This is a lesson in statistics and probability, as applied to the popular Dungeons and Dragons role playing game. I'm having trouble lately with the LaTeX embedder: if you see a lot of dollar signs and slashes, then check your plugins and permissions on your browser and allow MathJax to work, so you can see the equations better.

At least since version 3.0, the Dungeons and Dragons rule book has featured a rule of opposed checks. These are supposed to represent, using dice, the opposition of two separate skills: so, your ability to Hide versus the orc's ability to Spot; your ability to tie a rope versus the orc's ability to escape from bonds. You roll your skill, the orc rolls his skill, you apply modifiers, and the higher outcome wins.

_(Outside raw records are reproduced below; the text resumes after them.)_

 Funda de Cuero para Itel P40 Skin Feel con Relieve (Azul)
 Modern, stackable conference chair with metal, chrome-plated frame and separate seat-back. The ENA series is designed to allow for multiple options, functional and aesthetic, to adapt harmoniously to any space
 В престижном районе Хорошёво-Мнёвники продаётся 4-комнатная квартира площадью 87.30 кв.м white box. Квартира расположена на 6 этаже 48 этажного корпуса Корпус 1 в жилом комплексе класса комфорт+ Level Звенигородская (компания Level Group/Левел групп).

Even before this, rolling dice was a common way to set the difficulty of something in old versions and in other non-d20 games. How hard is the door to force? You didn't think of it, now you're on the spot, so you roll a die to figure out how hard it is. Then you tell the PCs to beat that number on their own roll. Makes sense.

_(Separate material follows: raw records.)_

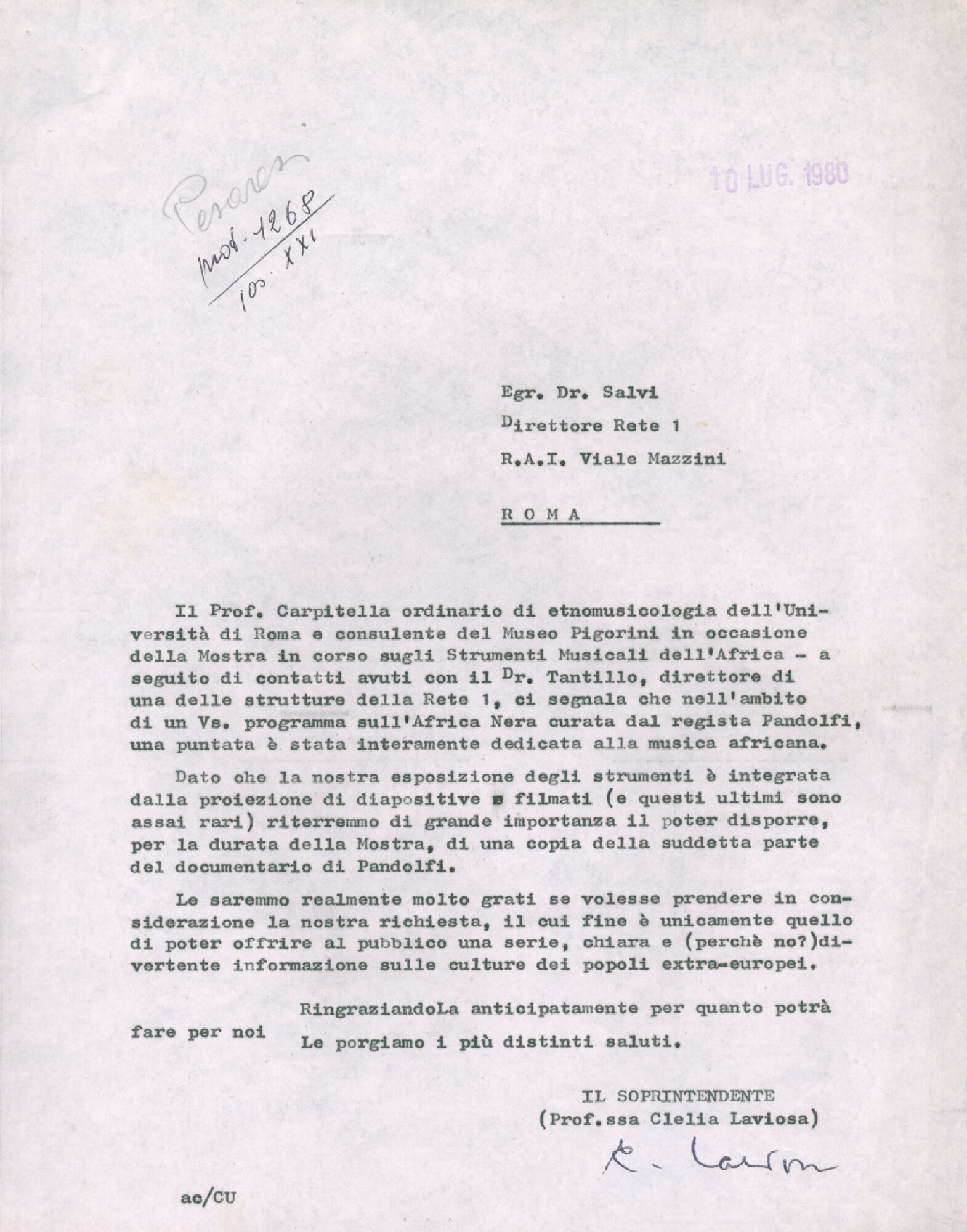 | Lettera di Laviosa a Salvi Fonte testuale 10 luglio 1980 | Fonte testuale | 10 luglio 1980 | |||||
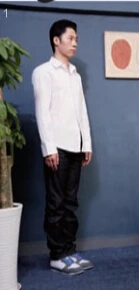 雙腿要保持筆直站立的狀態,下俯時,身體和雙腿形成直角,背部盡量不要弓起;在保持姿勢的過程中,請注意呼吸保持正常。
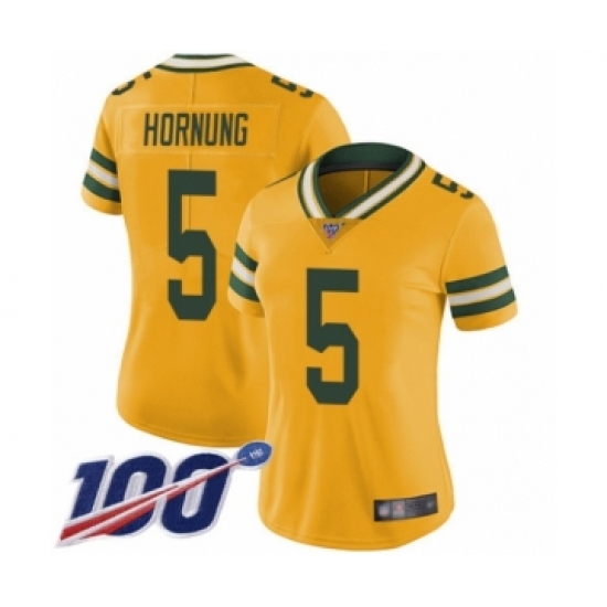 >Women's Green Bay Packers #5 Paul Hornung Limited Gold Rush Vapor Untouchable 100th Season Football Jersey

Doing checks this way is, from a probabilistic point of view, about as good as flipping a coin. The probability of the PC winning is slightly more than 50-50. In terms of DCs, an opposed check (before modifiers) is equivalent to a DC of 10.5.

I'll prove it.

When you roll a die, a number comes up. A random number, hopefully. If the dice has $n$ sides, then this number is between $1$ and $n$. It is customary to denote a random number with a capital letter: in this case, I'm going to call $X$ the result of rolling the die; $X=1, 2, 3,\ldots, n$, depending on what we roll.

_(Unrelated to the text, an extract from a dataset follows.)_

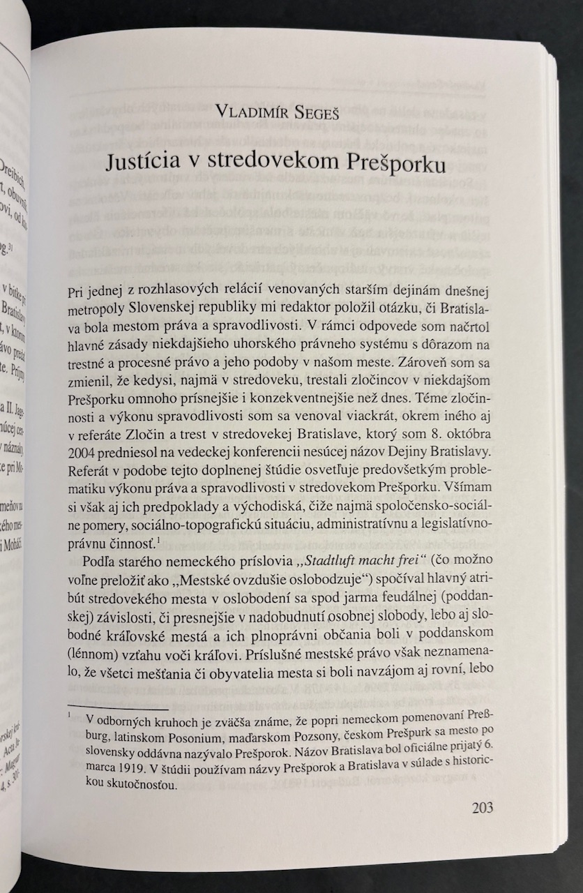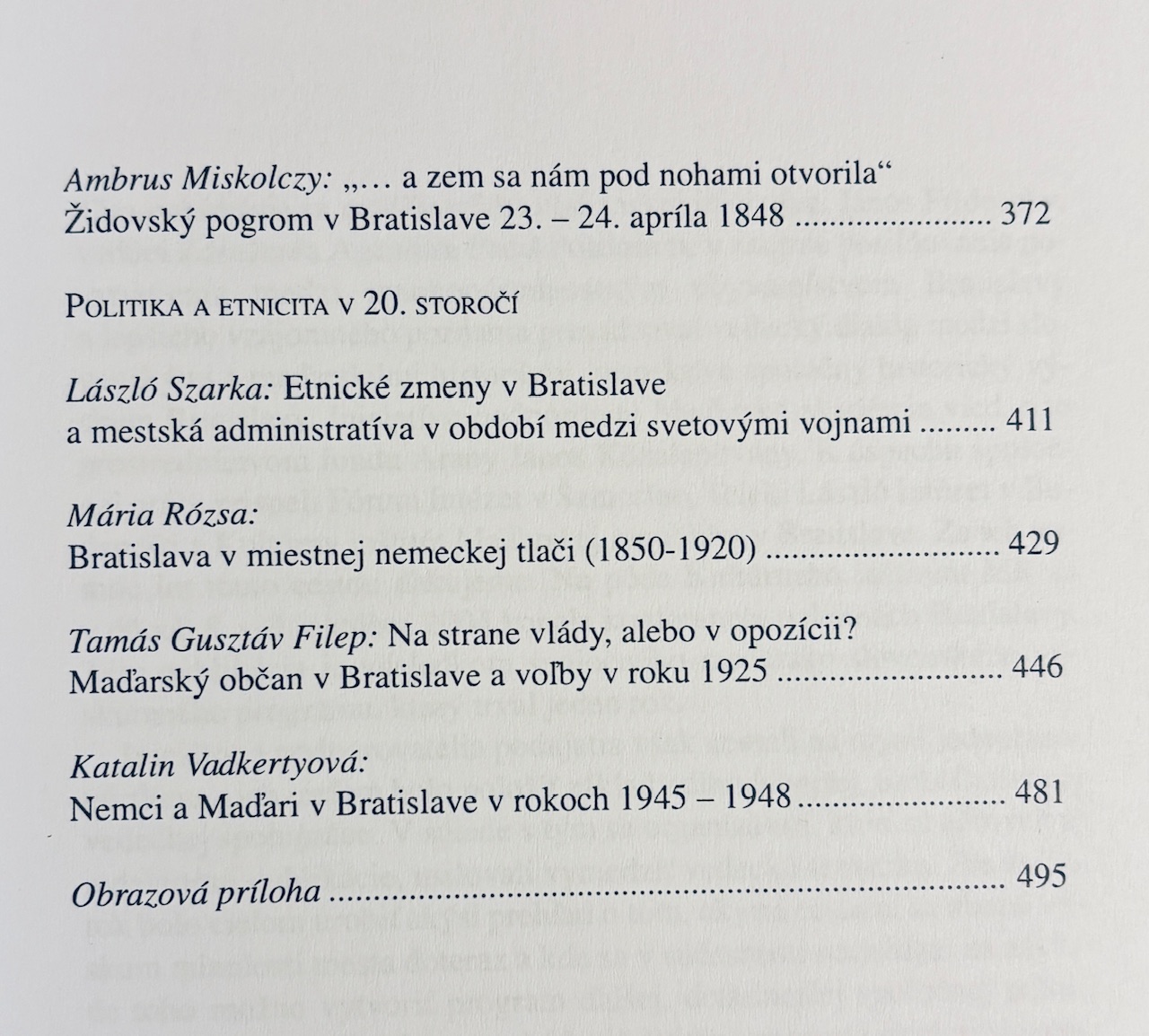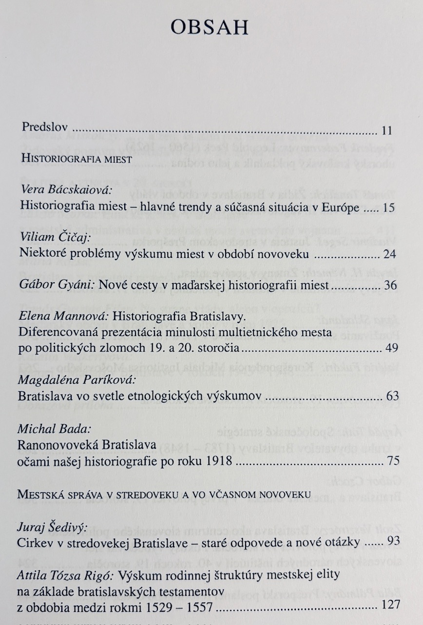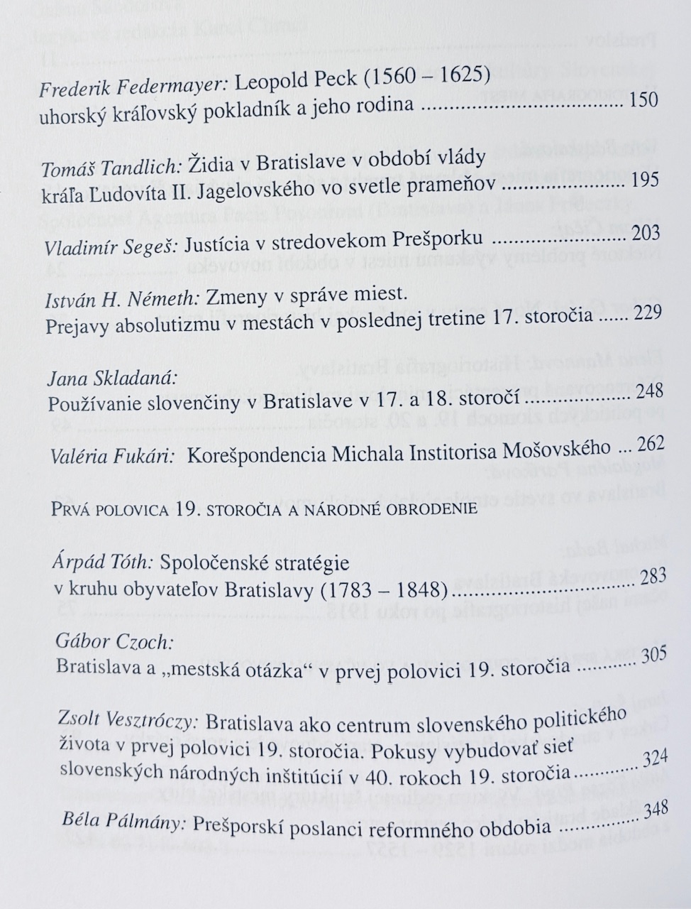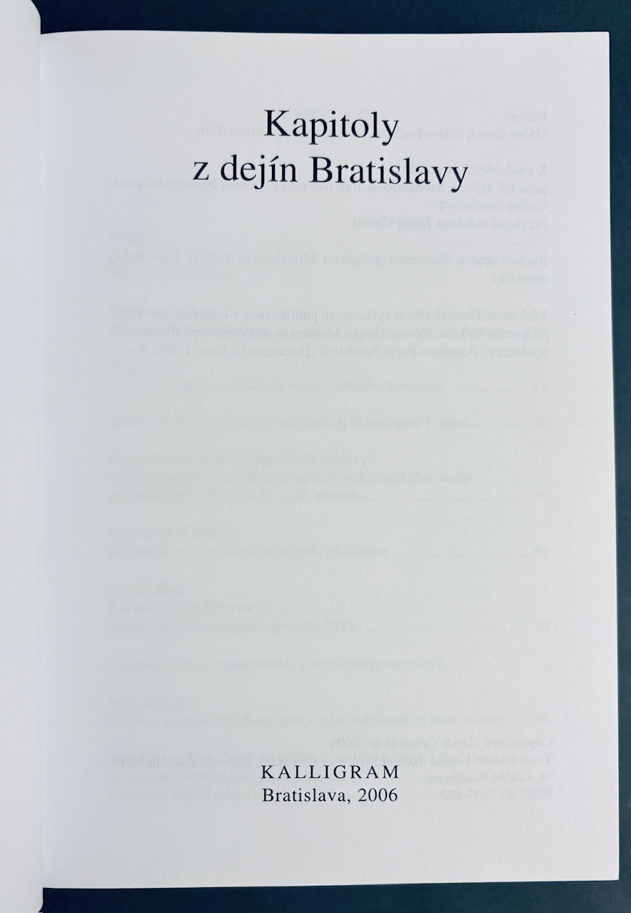 Súbor odborných štúdií zameraných na dejiny Bratislavy od stredoveku až po 20. storočie, pričom osobitnú pozornosť venuje historiografii mesta, jeho sociálnej štruktúre, správe, etnickým vzťahom a politickému vývoju. Časť venovaná historiografii miest sa zaoberá vývojom výskumu mestských dejín v Európe a interpretáciou minulosti Bratislavy v kontexte jej multietnického charakteru. Kapitoly o stredoveku a ranom novoveku analyzujú mestskú správu, cirkevné pomery, justíciu, sociálnu štruktúru mestskej elity a každodenné fungovanie mesta na základe písomných prameňov. Štúdie zamerané na 17. a 18. storočie sledujú jazykové pomery, absolutistické zásahy do správy miest a kultúrno-spoločenský vývoj Bratislavy. Blok venovaný prvej polovici 19. storočia skúma spoločenské stratégie obyvateľov, národné obrodenie a formovanie politického a kultúrneho významu mesta. Samostatné kapitoly sa venujú etnickým a náboženským vzťahom, najmä židovskej komunite, vrátane konfliktov a násilností v revolučnom roku 1848. Záverečná časť sa sústreďuje na 20. storočie, etnické zmeny, politiku, voľby, médiá a povojnové pomery v Bratislave.- 8-stranová obrazová príloha.- Dobrý stav

If we consider some number between $1$ and $n$, say 6, then the probability that $X=6$ is, as we all know, $1/n.$ It is common to write this as $\Pr(X=6) = \frac{1}{n}.$ And, of course, it isn't just for $X=6$ that this is the case, but for any number $x$ between $1$ and $n$. More generally, for any such $x$, we write $\Pr(X=x) = \frac{1}{n}.$

In our case, we are going to roll the same die twice. This gives us two random numbers (the results of the two dice), which we will call $X_1$ and $X_2.$ For concreteness, suppose this is an opposed strength check between the PC and an Orc. We'll say that $X_1$ is the die we (the GM) roll for the Orc, and $X_2$ is the die that the PC rolls. We want to know $\Pr(X_2 \geq X_1)$, that is, the probability that the second result is higher than the first or in game terms, the probability that the PC wins his contest against the Orc.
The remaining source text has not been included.